Further controversy over banks’ failure to apply interest rate rise to savers
September 19, 2007 by admin
Filed under News, News-Banking
Once again many banks in the UK are coming under fire as a result of leaving savers hanging on to find out if and how they will benefit from the latest interest rate rise, which was applied four weeks ago by the Bank of England.
Banks have already been under fire since the spate of interest rate rises over the past year, and this is because they have been very quick to apply interest rate rises to borrowing in order to increase profit, but have been notoriously slow to apply the rate rises to savings accounts. In some cases the interest rate rises have not been passed on in full or at all.
The interest rate was hiked up to 5.75% after a fifth 0.25% rise in the space of a year in July. Many savers are still awaiting news from their banks with regards to how they will benefit from the latest interest rate rise. Even worse, many banks will make savers wait longer still before applying any rate rise even after informing them of what they intend to do.

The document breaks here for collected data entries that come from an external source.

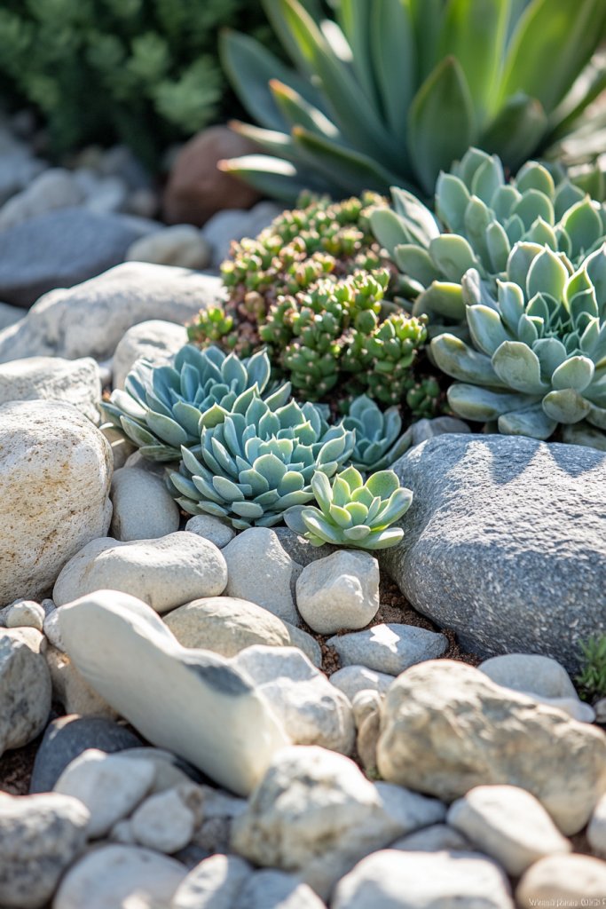 Visualize a bed of large river stones as a backdrop for colorful succulents and spiky cacti. The stones provide a natural, textured surface, while the plants add pops of red, purple, and green. The arrangement feels wild yet deliberate, with plants spaced to mimic natural growth. The sun reflects off the stones, creating a vibrant, lively scene.
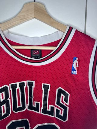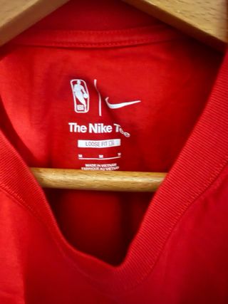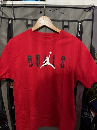 Vendo una camiseta roja de los Bulls de Nike. Está en buen estado. - Talla: M - Corte: Loose Fit. - Marca: Nike - Diseño: Logo de los Bulls.
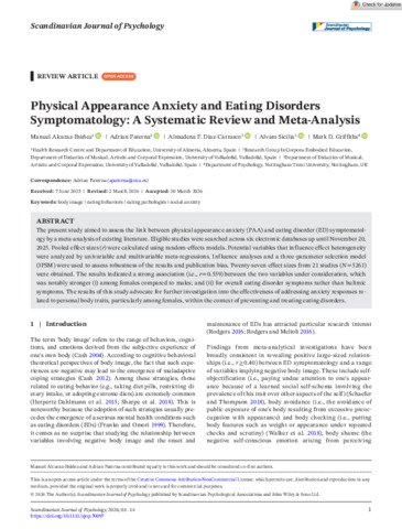 Physical appearance anxiety and eating disorders symptomatology: a systematic review and meta-analysis.

Amongst those that are under fire are the Yorkshire Building Society, Lloyds TSB, NatWest, and Co-op.
Some banks, such as Barclays, have passed on only a fraction of the 0.25% interest rate rise to savers, with this leading UK bank raising the interest rate on it Flexible Savings Account by just 0.05%. ING Direct customers have been disappointed by the failure of ING to pass on rate rises, and the company has been slated for this over recent weeks.
However, some savings accounts will benefit from the full rate rise being passed on, and consumers are being urged to shop around and look for a savings account that offered a decent interest rate.